_Exercise requirements:_ Reproduction of part of the material below, pictures omitted: copy exactly, and only, the lines starting with the one with "Add the remaining" and going on through the one with "授课过程中,胡荣庭老师立足课".

_Source material:_
----

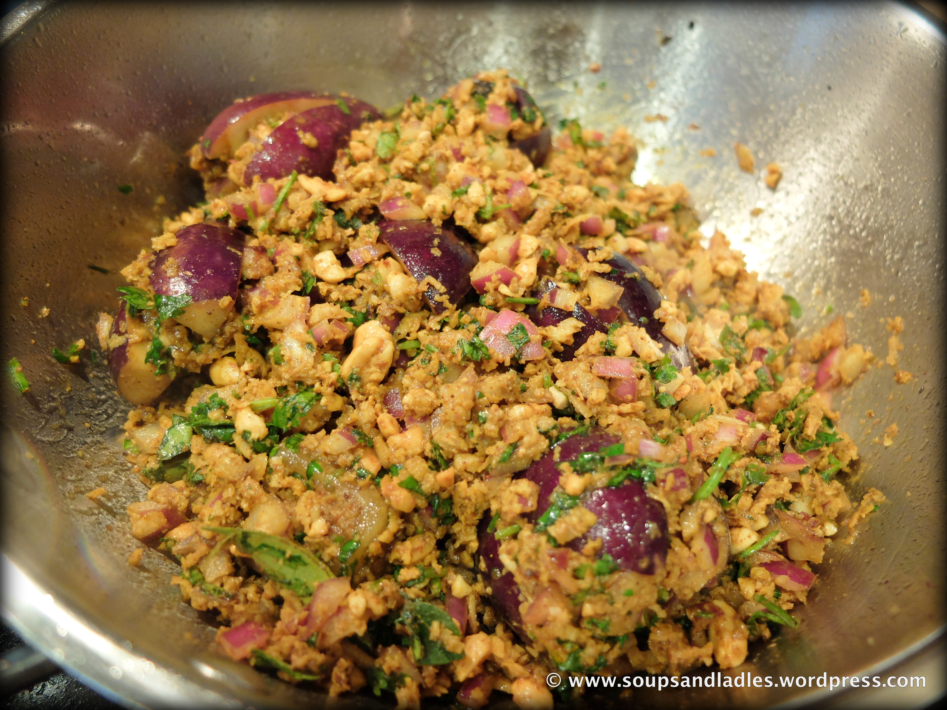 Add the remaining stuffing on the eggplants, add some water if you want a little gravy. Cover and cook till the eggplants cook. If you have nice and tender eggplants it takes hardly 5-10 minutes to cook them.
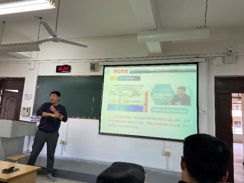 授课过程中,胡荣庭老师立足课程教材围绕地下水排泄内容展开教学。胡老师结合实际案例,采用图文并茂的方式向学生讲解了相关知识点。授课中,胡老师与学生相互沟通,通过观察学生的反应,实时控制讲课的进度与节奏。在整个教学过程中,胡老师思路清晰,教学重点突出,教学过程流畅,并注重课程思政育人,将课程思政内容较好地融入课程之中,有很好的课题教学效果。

----

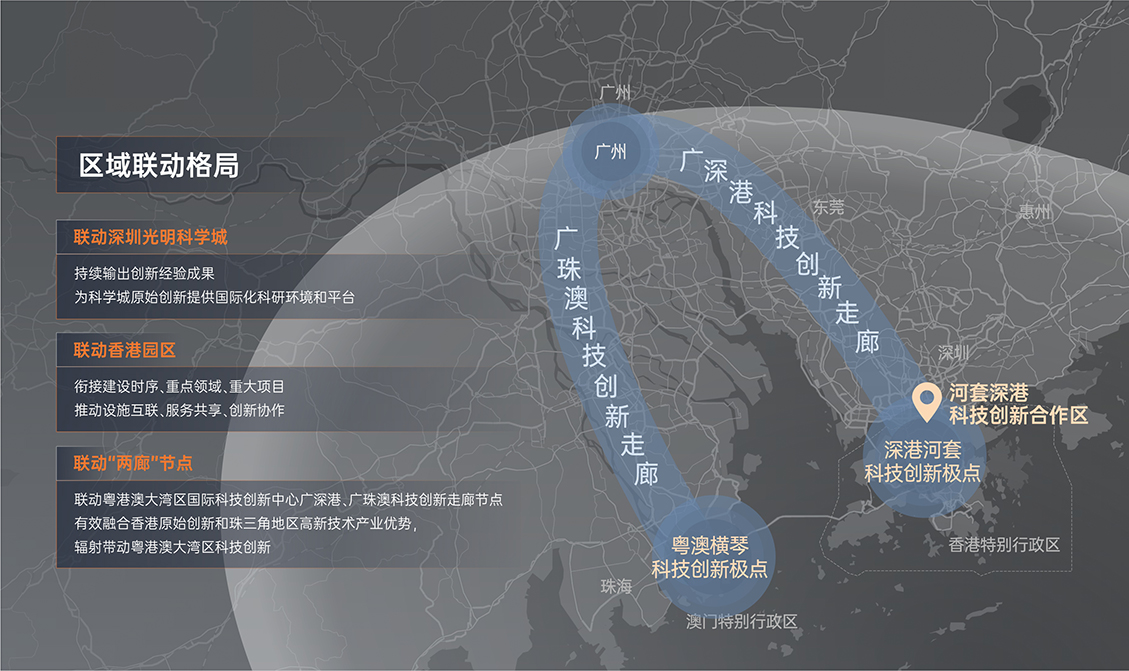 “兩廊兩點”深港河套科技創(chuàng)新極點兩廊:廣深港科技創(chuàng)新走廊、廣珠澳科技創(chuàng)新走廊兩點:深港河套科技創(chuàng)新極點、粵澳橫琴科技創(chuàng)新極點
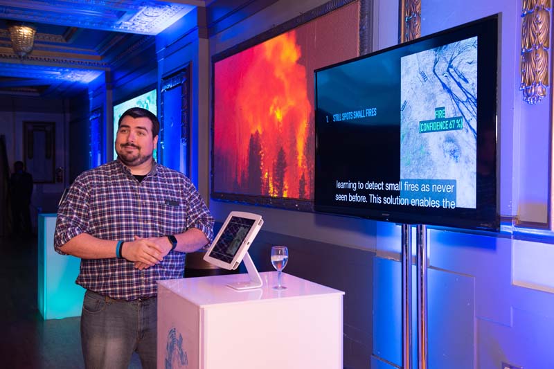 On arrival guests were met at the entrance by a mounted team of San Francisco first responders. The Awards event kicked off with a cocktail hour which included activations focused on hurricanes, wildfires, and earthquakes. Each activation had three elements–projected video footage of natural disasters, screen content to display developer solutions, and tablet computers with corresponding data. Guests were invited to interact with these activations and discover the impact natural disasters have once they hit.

----

_Solution for this exercise:_
 Add the remaining stuffing on the eggplants, add some water if you want a little gravy. Cover and cook till the eggplants cook. If you have nice and tender eggplants it takes hardly 5-10 minutes to cook them.
 授课过程中,胡荣庭老师立足课程教材围绕地下水排泄内容展开教学。胡老师结合实际案例,采用图文并茂的方式向学生讲解了相关知识点。授课中,胡老师与学生相互沟通,通过观察学生的反应,实时控制讲课的进度与节奏。在整个教学过程中,胡老师思路清晰,教学重点突出,教学过程流畅,并注重课程思政育人,将课程思政内容较好地融入课程之中,有很好的课题教学效果。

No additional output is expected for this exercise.